This is all for right now. I'll come back later with more draft news. I haven't heard of any workouts yet, but usually Spurs management keeps that under pretty tight wraps, as they do with which way we will go in the draft.


----------



## texan

*Undrafted Rookie FA's to Watch For*

Jackie Manuel- North Carolina product that is very reminescent of Bruce Bowen. He is limited offensively(although he showed promise at the end of the season and at Portsmouth), but he is an outstandingly tough perimeter defender. He is about 6ft5, but has long arms, quick feet, and a passion for Bruce type defense.
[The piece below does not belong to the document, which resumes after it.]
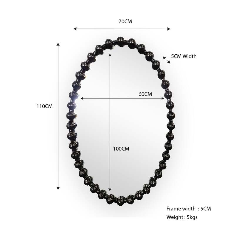 Beaded oval Mirror - Gloss Black 70cm x 110cm110cm
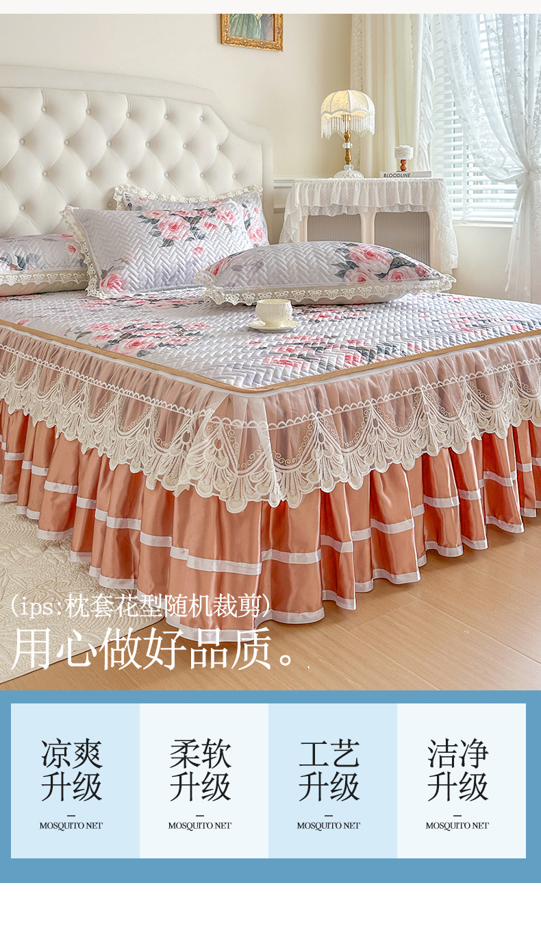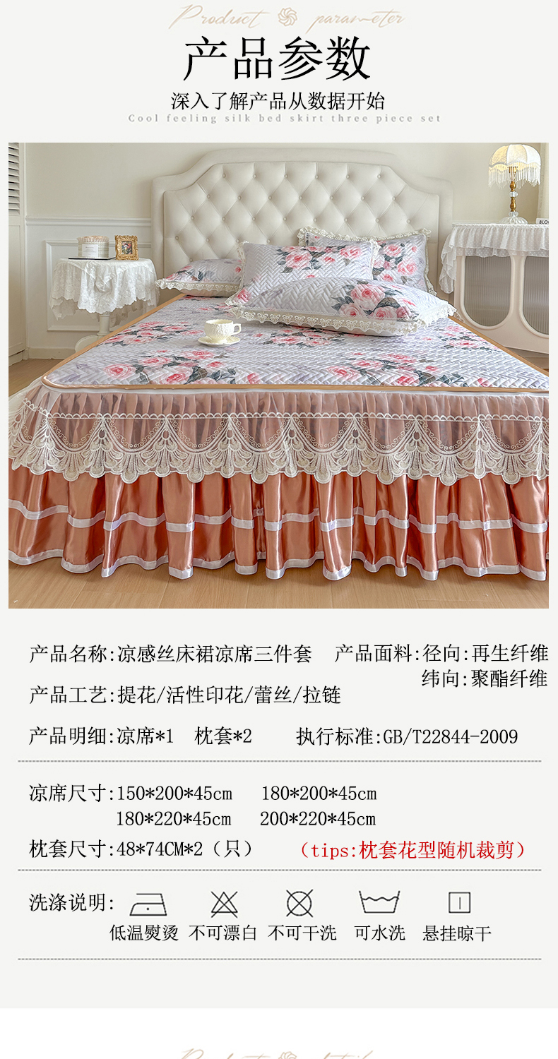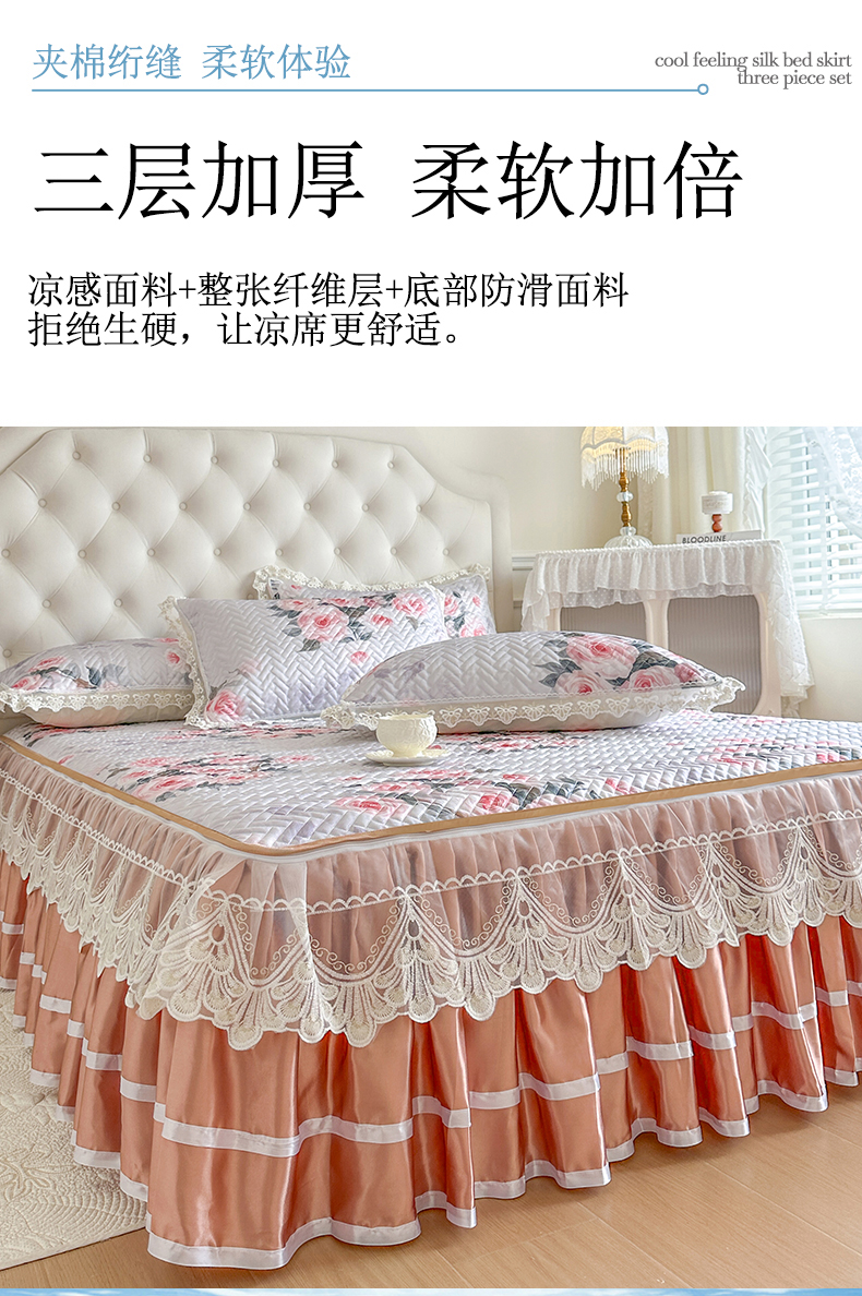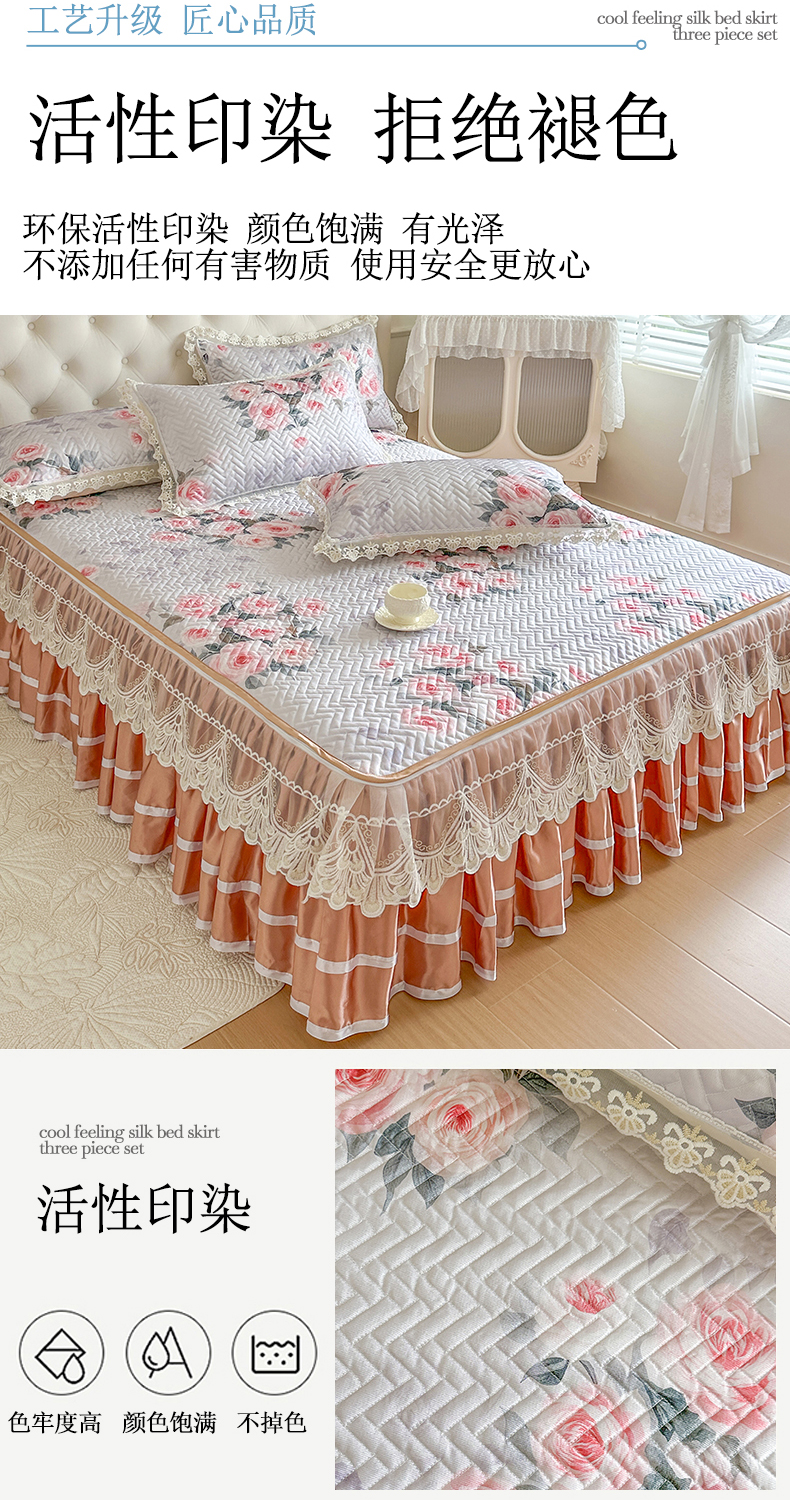 (总)网红馆(ck家纺) 2026新款冰丝夏被床裙款凉席三件套-恋夏花开(控价:三件套170元起 四件套270元起),恋夏花开-粉,恋夏花开-灰,恋夏花开-绿

Aaron Miles- Defensive minded, excellent passing PG. Had a great career at Kansas and although we have TP, and Beno, he wouldn't be a bad 3rd PG. Better than Mike Wilks.


----------



## KokoTheMonkey

Nice stuff texan, very nice stuff. 




It's going to be interesting to see what we do with Devin Brown and Glenn Robinson in the offseason, because if we don't keep either one we're definitely going to need another wing player. 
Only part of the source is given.